Highlights of this Chapter: we prove two foundational results about continuous functions whose proofs have several steps in common:

The Extreme Value Theorem: a continuous function achieves a max and min on any closed interval.

The Intermediate Value Theorem: a continuous function must take every value between $f(a)$ and $f(b)$ on the interval $[a,b]$.

We will call the proof style introduced with these theorems “proof by continuity”. Finally, we investigate one further topic - uniform continuity - where this proof strategy also helps, and prove that a continuous function on a closed interval is uniformly continuous.

Here cover some of the important theorems about continuous functions that will prove useful during the development of calculus. Just like we have seen various ‘proof styles’ for sequences (recurrent themes in proofs, like ‘an $\epsilon/2$ argument’) one of the biggest takeaways of this section is a proof technique for working with continuous functions. It has three steps, summarized below:

Use whatever information you have to start, to construct a sequence of points.
Use Bolzano Weierstrass to find a convergent subsequence.
Apply $f$ to that sequence and use continuity to know the result is also convergent.

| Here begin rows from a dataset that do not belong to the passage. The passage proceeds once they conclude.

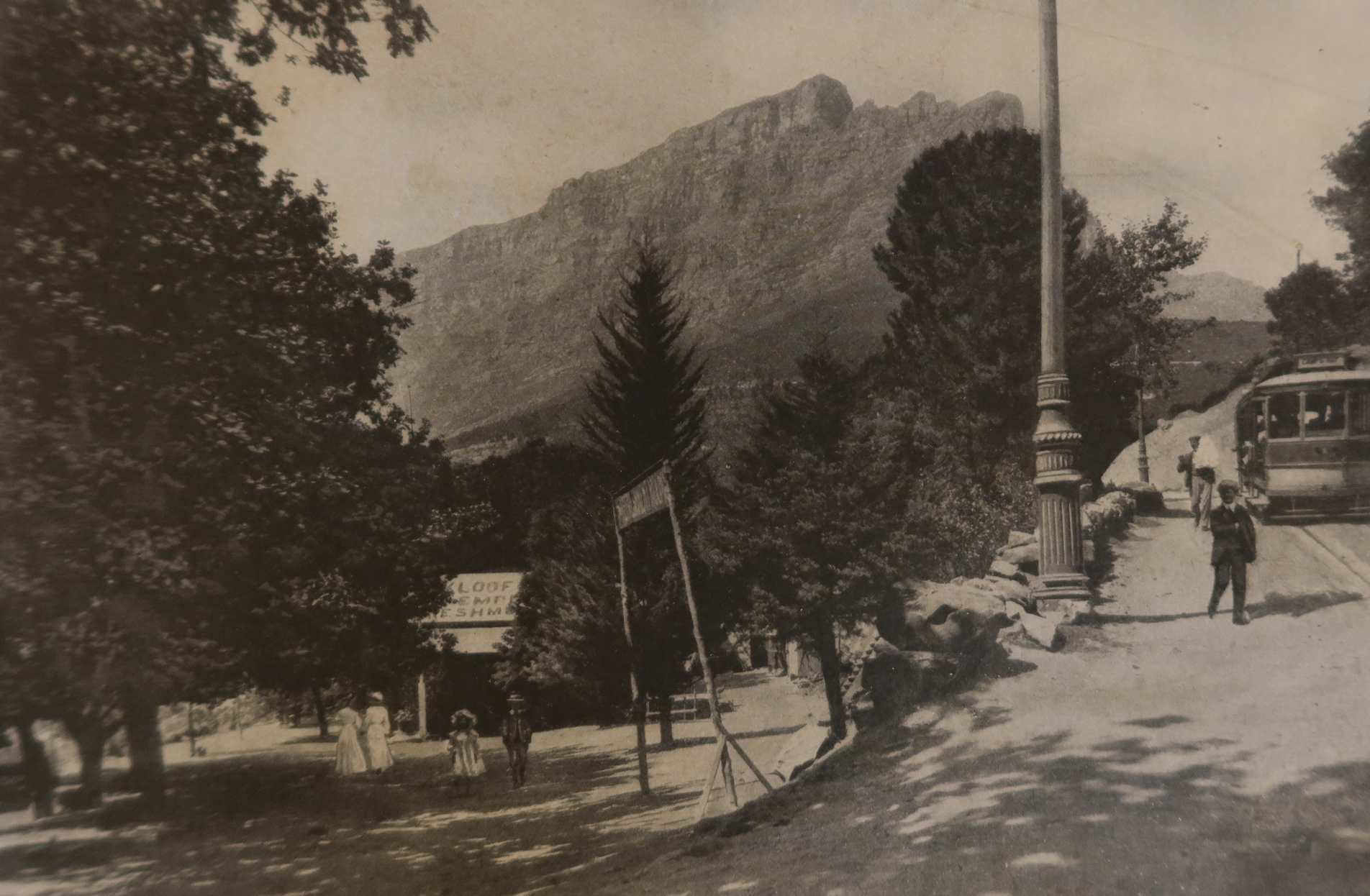 Early 1900s: Kloof Nek Road, with the electric mountain tramway passing en route to Camps Bay.
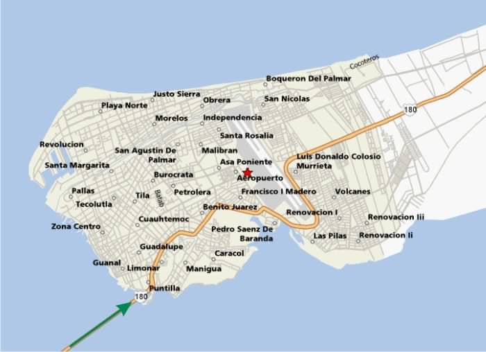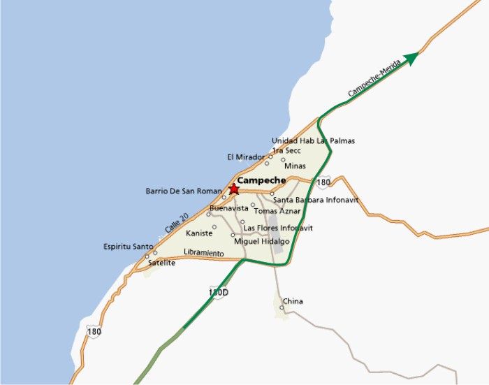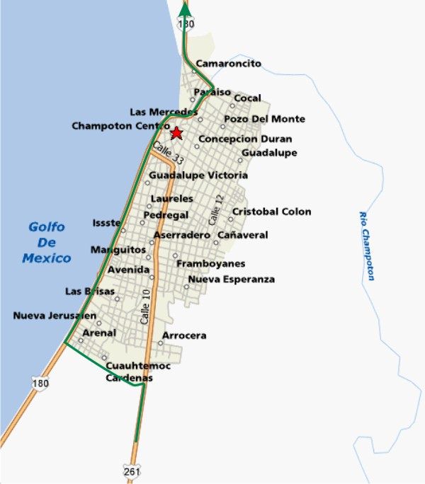 We haven't stopped in Ciudad del Carmen but it looks like it could be an interesting place to explore. Just follow the signs through town to head to Champoton and Campeche. There are a few twists and turns in town, as you can see in the map below, but if you keep your eyes on the signs and follow the general flow of traffic you will have no problems. It is not a huge city, so even if you make a wrong turn you will have no problem getting back on track.
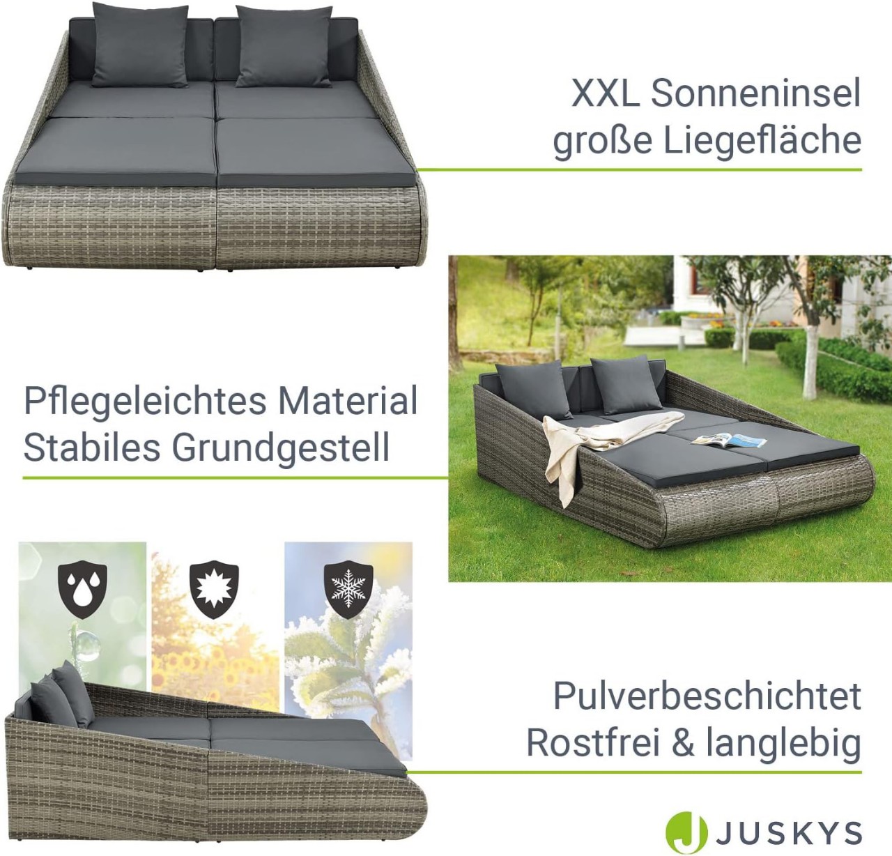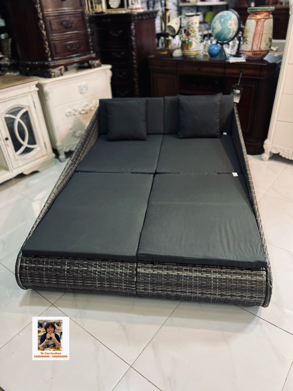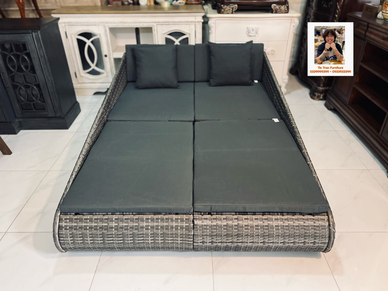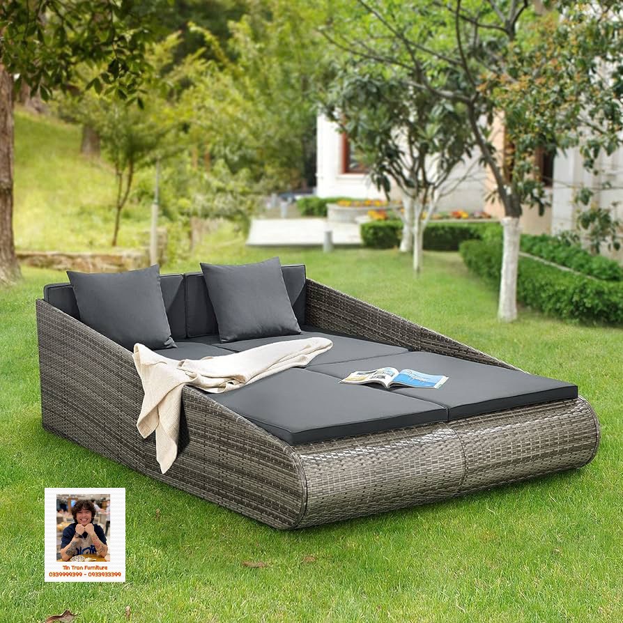 🇺🇸 Giường phơi nắng ngoài trời chính hãng xịn, dùng trong sân vườn, hồ bơi, bãi biển, dùng luôn trong nhà cũng tiện ... chất liệu sợi nhựa giả mây, vải chống nước chống cháy, khung sắt dày dặn chắc chắn, hàng xuất Âu Mỹ chất lượng cao, hàng mới nguyên thùng tự lắp ráp, ship toàn quốc.

This is to vague on its own to be useful, but in reading the proofs of the boundedness theorem, the extreme value theorem, and the intermediate value theorem below, look out for these three recurrent steps.

16.1 Extreme Values

Proposition 16.1 Let $f$ be a continuous function on a closed interval $[a,b]$. Then the image $f([a,b])$ is bounded.

Proof. Assume for the sake of contradiction that $f$ is not bounded. Then for each $n\in\NN$ there must be some $x_n\in[a,b]$ where $|f(x_n)|>n$. This sequence $\{x_n\}$ need not be convergent, but it lies in the interval $[a,b]$ so it is bounded, and thus contains a convergent subsequence $x_{n_k}$ by Bolzano Weierstrass. Say $x_{n_k}\to x$. Then since $a\leq x_{n_k}\leq b$ for all $k$, by the inequalities of limits we see $a\leq x\leq b$ so the limit $x$ lies in the interval $[a,b]$ as well.

But what is the value $f(x)$? Since $f$ is continuous and $x_{n_k}\to x$ we know that \[f(x_{n_k})\to f(x)\] But for each $k$, $x_{n_k}$ has the property that $f(x_{n_k})>n_k$ by definition. Thus, the sequence $f(x_{n_k})$ is not bounded, and cannot be convergent (since all convergent sequences are bounded). This is a contradiction, as it implies that $f(x)$ is not defined, even though we have assumed $f$ is defined on the entire interval $[a,b]$.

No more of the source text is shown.